Problem to work on
In the material below, pictures must be dropped. Repeat exactly, and only, the lines from the line with "Ротань имел бы" to the line with "Para peserta Jumat", both ends included.

Records provided
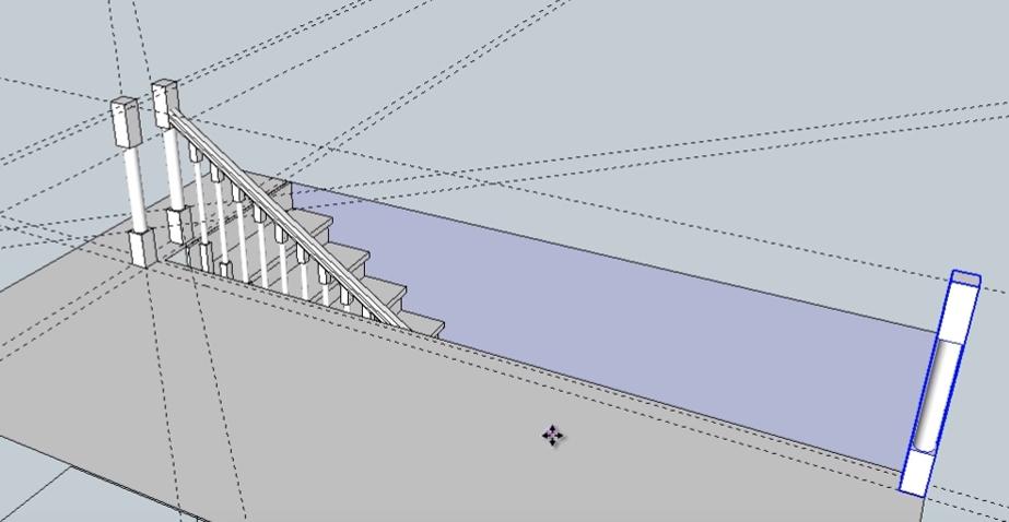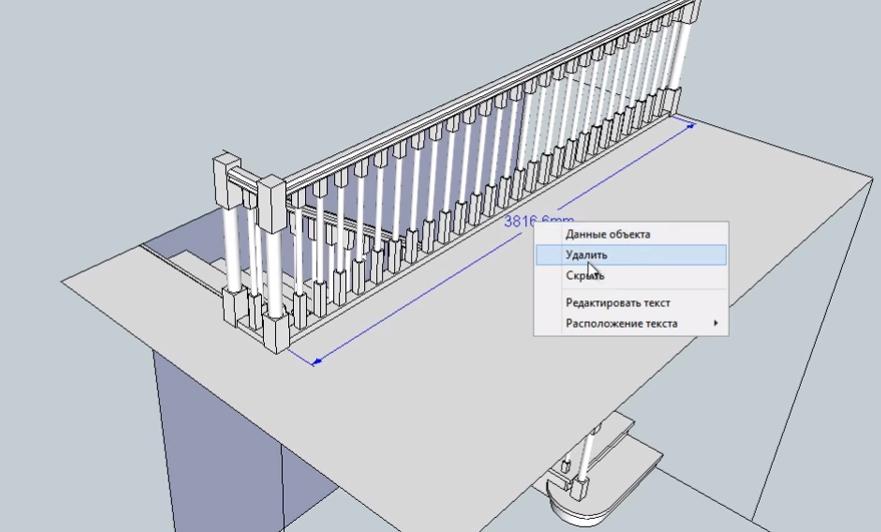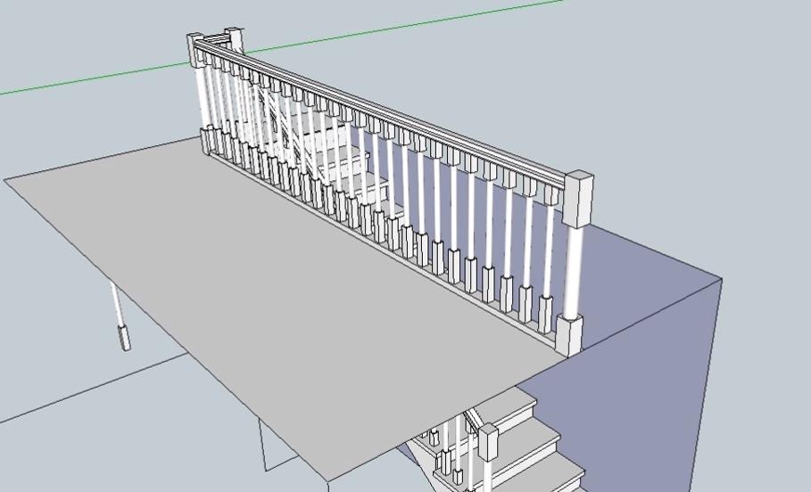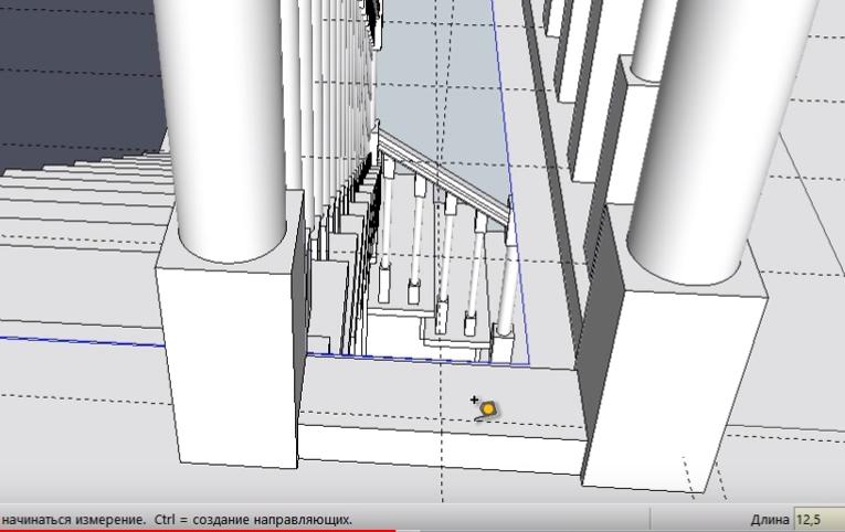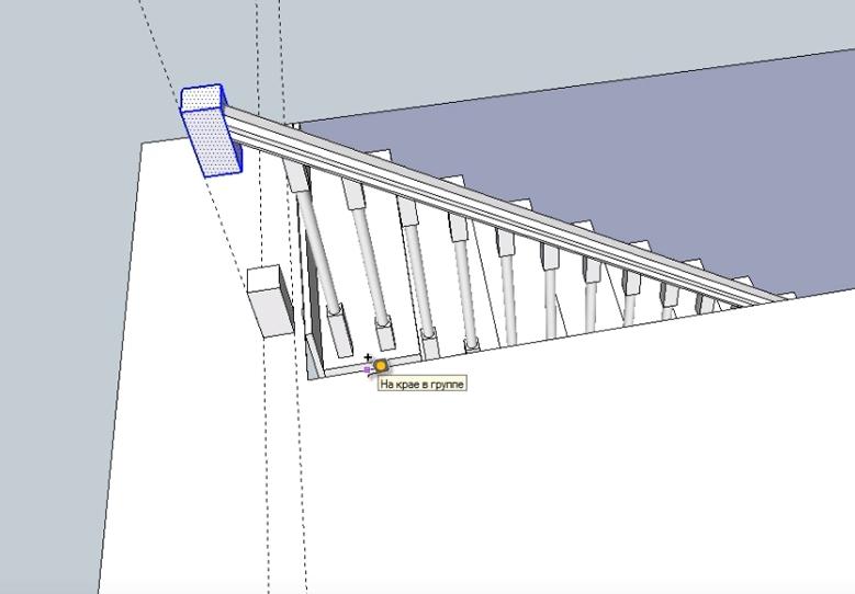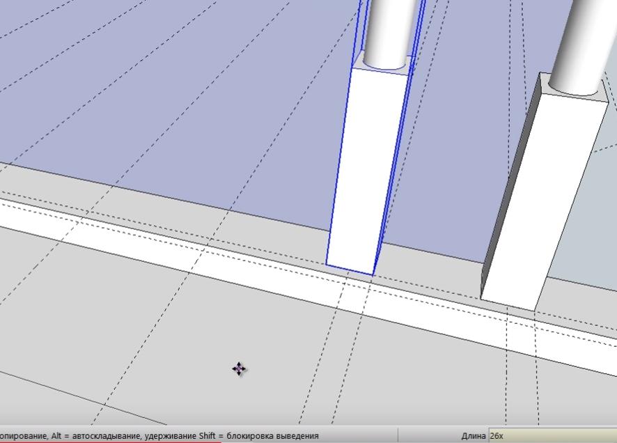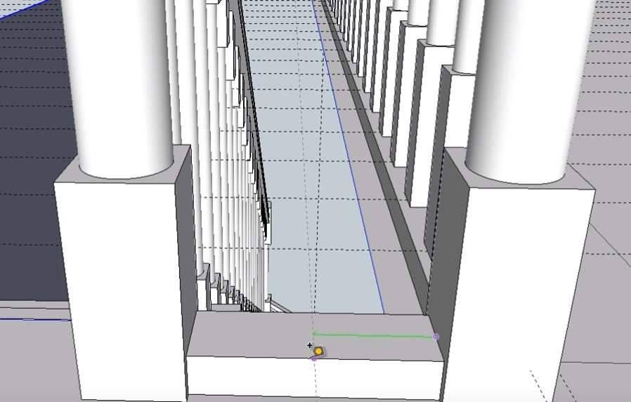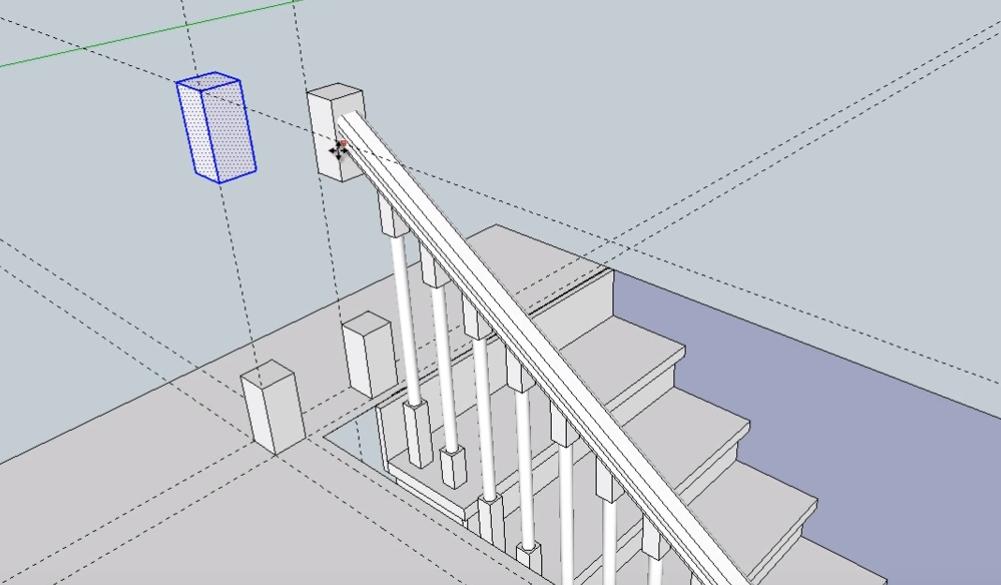 И при помощи инструмента Push-Pull укорачиваем данный компонент, а вместе с ним и все его копии, до нижнего края поручня.
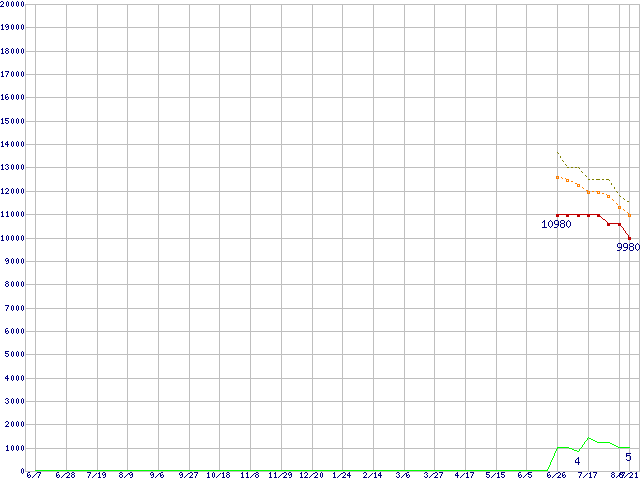 ※このグラフは過去のデータも税率5%相当に調整した税込み相当額のグラフです。 税率変更や、総額表示方式導入(2004年4月)の影響は除いています。 | | | ●凡例 | 最安値 (点線部は販売店未確認 または未調査) | 平均値 | 最高値 | ショップ数 |
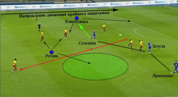 Ротань имел бы возможность заблокировать отбитый мяч, который двигался по направлению красной стрелки. Возможен вариант, когда защитник противника отбил бы мяч в зеленую зону — тогда Руслан также имел бы хороший шанс подобрать его и быстро отпасо
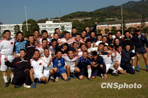 图为两国学员在足球比赛结束后合影留念。中新社发 朱沿华 摄
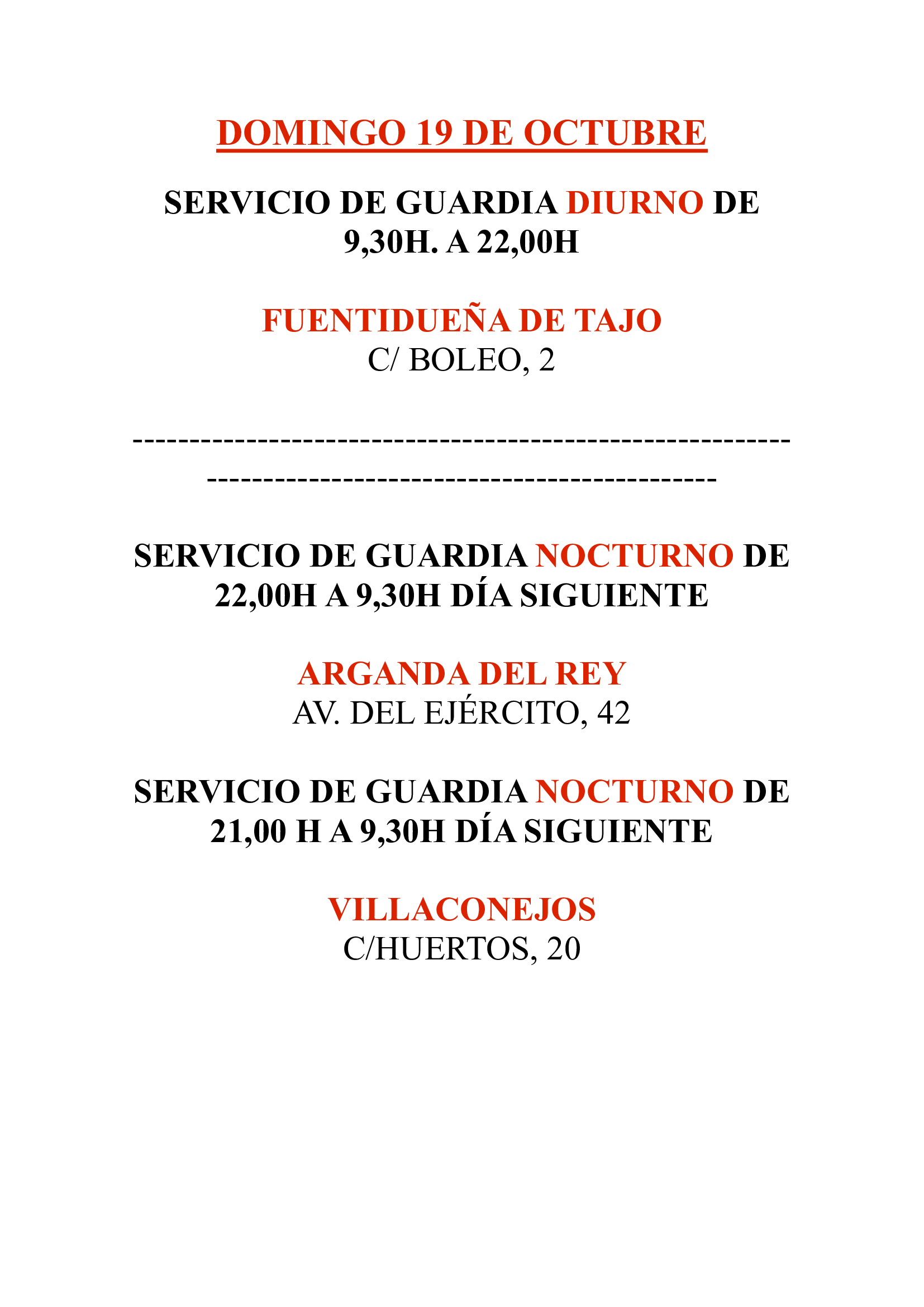 FARMACIAS DE GUARDIA 19 DE OCTUBRE
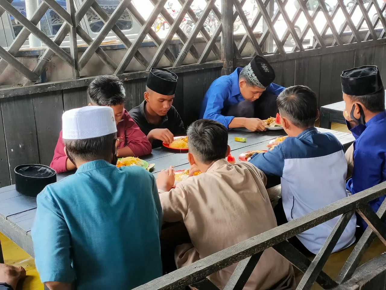Para peserta Jumat Barokah Satreskrim Polres Kampar ini tampak senang menikmati makan siang yang disediakan secara prasmanan ini, sekitar 200 porsi makan siang yang telah disiapkan habis dinikmati pesertanya.
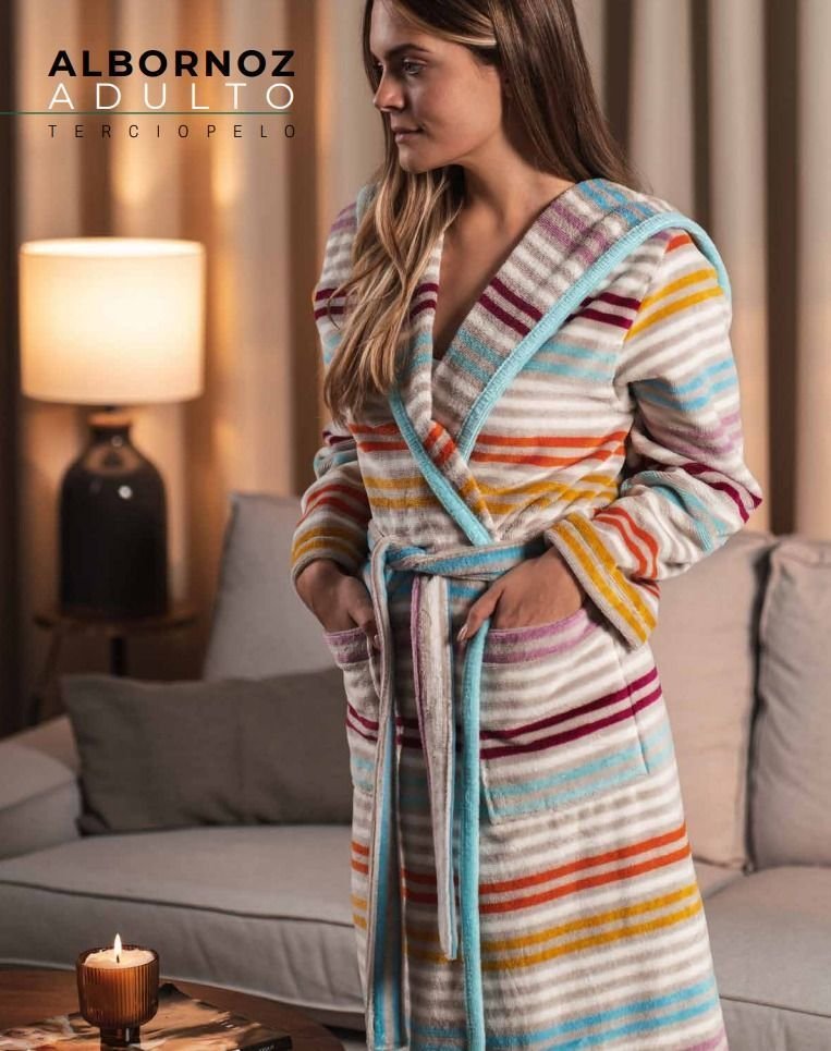 Albornoz con capucha 100 % algodón de acabado terciopelo que secan como el mejor rizo. De la marca ArcoBaleno fabricados en Galicia con los mejores acabados y los diseños más bonitos y originales. Este albornoz es una prenda de FIO TEXTIL, sinónimo de diseño y calidad.
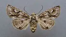Forewing whitish grey, speckled with darker scales, the shadings olive brownish, this colour filling up the outer half of median area between subcostal vein and submedian fold; a thick dark streak from base below cell; inner line double, oblique and angulated, darker externally; outer line lunulate-dentate, double; stigmata all large, rounded, pale grey with darker dusting, the reniform externally white, with a black line along its base above the median. vein; veins towards termen black-dotted, the intervals on margin with redbrown dentate markings, the submarginal line with a rufous dentate shade before it, crossed by a diffuse dark shade on submedian fold; hindwing pale and darker grey; a large cell blotch and blotch at margin on submedian fold blackish; an obscure darker outer line; marginal area pale grey. Larva brown, darker in front; dorsal line narrow, pale, with 4 white tubercles on each side; lateral lines waved, darkedged above, paler below; 11th segment with a two-pointed hump.[4] The wingspan is 50–58 mm.

Response
 Ротань имел бы возможность заблокировать отбитый мяч, который двигался по направлению красной стрелки. Возможен вариант, когда защитник противника отбил бы мяч в зеленую зону — тогда Руслан также имел бы хороший шанс подобрать его и быстро отпасо
 图为两国学员在足球比赛结束后合影留念。中新社发 朱沿华 摄
 FARMACIAS DE GUARDIA 19 DE OCTUBRE
Para peserta Jumat Barokah Satreskrim Polres Kampar ini tampak senang menikmati makan siang yang disediakan secara prasmanan ini, sekitar 200 porsi makan siang yang telah disiapkan habis dinikmati pesertanya.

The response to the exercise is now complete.